完全に私見になりますが、その中から一つ台頭してきた新しい理論が「オリゴマー仮説」でしょう。この仮説は「アミロイドβ」がどうみても原因なのに、その肉団子"老人斑"のないアルツハイマー型認知症の患者が実際にはいる、という矛盾解決のため発足した仮説です。簡単に説明します。
「アミロイドβ」がゴミなら、それを凝集する(一箇所に集める)ことは良いことでは?
*おそらく、専門家は皆「それは違う!言い過ぎ!」と非難轟々でしょうが(ぼくも同意です)、でもあえて、今はそういう解釈で説明させて下さい。この厳密な説明じゃ、研究者でさえ、別分野出身者は理解し難いと思うです。

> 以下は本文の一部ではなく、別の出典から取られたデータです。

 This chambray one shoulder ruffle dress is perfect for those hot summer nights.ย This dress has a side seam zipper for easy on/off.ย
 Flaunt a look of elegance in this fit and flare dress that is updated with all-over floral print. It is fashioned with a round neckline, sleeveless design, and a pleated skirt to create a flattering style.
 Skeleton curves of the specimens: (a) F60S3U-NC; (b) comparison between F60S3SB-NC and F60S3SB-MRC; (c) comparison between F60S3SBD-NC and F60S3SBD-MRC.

この考えだと、"一箇所にゴミが集まれない ⇒散乱している"状態はそれはそれで悪いという解釈になります。
それからちょっと無理やりに聞こえるでしょうが、①「アミロイドβ」を作られないようにするお薬は、「アミロイドβ」もタンパク質だから何か大事な仕事をしていたはず、だからなくすのは良くなかった、という結論になってます。でも実際、最近は「アミロイドβ」はアルツハイマー型認知症の原因だけど、健康な人の中では、脳内を維持する重要な仕事をしてる、という論文も沢山出て来てるんです。昔はそんな話ありませんでしたが、科学は日々進んでいるようです。

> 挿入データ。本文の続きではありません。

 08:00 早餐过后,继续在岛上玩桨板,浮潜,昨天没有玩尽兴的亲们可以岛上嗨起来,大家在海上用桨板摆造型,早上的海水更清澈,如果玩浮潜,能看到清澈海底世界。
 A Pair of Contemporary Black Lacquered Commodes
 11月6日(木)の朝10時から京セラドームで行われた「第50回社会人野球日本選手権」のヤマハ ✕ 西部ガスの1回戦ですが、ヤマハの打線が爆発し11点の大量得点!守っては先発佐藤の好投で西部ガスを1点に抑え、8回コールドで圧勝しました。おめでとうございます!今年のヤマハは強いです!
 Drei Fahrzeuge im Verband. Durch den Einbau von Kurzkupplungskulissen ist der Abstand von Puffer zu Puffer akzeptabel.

Science Translational Medicine の抗菌作用の論文貼る!
さて...
この「オリゴマー仮説」――本質をぼくはこう捉えています。
「アミロイドβ」にも色んな状態、種類があって、一番悪さしてるタイプを特異的に破壊しなきゃアルツハイマー型認知症は治らない。だから、ぼく達は「アミロイドβ」と一括にしていた彼らを「アミロイドβ-亜種A型」「アミロイドβ-亜種B型」などと細分化して治療法を考え出さなきゃいけません。
ちょっと..
いや、かなり難しいですね(^^;
とりあえず、「脳内に出てきたアミロイドβ全部消す、という考えから、(良いアミロイドβと悪いアミロイドβが混在しているので) 特定のアミロイドβ亜種だけ消す」に戦略チェンジしたと理解してもらえればオッケーです。ちなみにこの考えは「タウ」にも波及しています。
まあでも一番重要なことは、このアイディアを基盤に「アミロイドβ治療戦略」は再チャレンジされて、もう既に、アルツハイマー型認知症の患者さんに、実際にトライしている段階です。こっちはまだ、第一速報が出ていません。お薬開発は、何段階ものフェイズがあるのですが、今のところ順調に進んでいるようです。

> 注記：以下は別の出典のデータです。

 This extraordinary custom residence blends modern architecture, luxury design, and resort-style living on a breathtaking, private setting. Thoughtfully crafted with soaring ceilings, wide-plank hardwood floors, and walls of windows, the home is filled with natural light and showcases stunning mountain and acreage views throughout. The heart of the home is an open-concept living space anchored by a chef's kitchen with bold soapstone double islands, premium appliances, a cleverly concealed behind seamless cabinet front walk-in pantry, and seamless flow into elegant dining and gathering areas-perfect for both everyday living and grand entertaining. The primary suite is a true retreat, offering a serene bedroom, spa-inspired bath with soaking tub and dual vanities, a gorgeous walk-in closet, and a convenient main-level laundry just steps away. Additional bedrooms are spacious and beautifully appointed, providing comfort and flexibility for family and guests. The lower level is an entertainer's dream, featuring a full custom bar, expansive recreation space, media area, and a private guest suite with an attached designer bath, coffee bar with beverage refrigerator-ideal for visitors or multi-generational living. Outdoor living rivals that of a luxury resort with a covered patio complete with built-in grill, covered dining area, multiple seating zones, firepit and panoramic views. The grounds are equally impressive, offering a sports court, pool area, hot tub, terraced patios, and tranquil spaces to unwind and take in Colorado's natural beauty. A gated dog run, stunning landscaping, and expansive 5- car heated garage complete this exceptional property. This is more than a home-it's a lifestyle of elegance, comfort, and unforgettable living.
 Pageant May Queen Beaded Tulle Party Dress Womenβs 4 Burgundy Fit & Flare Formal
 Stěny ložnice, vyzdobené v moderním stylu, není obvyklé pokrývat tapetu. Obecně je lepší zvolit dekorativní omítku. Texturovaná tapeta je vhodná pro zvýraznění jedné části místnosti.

*ちなみに「タウ中和抗体」は、このオリゴマー仮説に基づく新しいお薬候補、より先のフェイズまで進んでいましたが、失敗という結論で中止になりました。「タウ治療戦略」よりこっちが優れている、という簡単なお話ではないのです。。
全体のまとめ
いかがだったでしょうか?
研究者たちの、絶望と挑戦、その長きに渡る戦いが少しでも分かっていただけたら幸いです。
結論としては、序文の通り。アルツハイマー型認知症の発見から一世紀が経って、ぼく等はまだアルツハイマー型認知症のヒトでの治療に全く成功していません。でも、それでも、どんな挫折をしても、新しい理論を構築して再度挑戦する――その意思を100年規模でバトンリレーしてきた歴史を見て、少しでも、希望は持てませんか?
でも、きっといつの日かその答えに辿り着ける。研究者たちが血反吐出しながら開拓してきたその歴史から、みなさんには、そんな明るい未来を感じてほしいんです。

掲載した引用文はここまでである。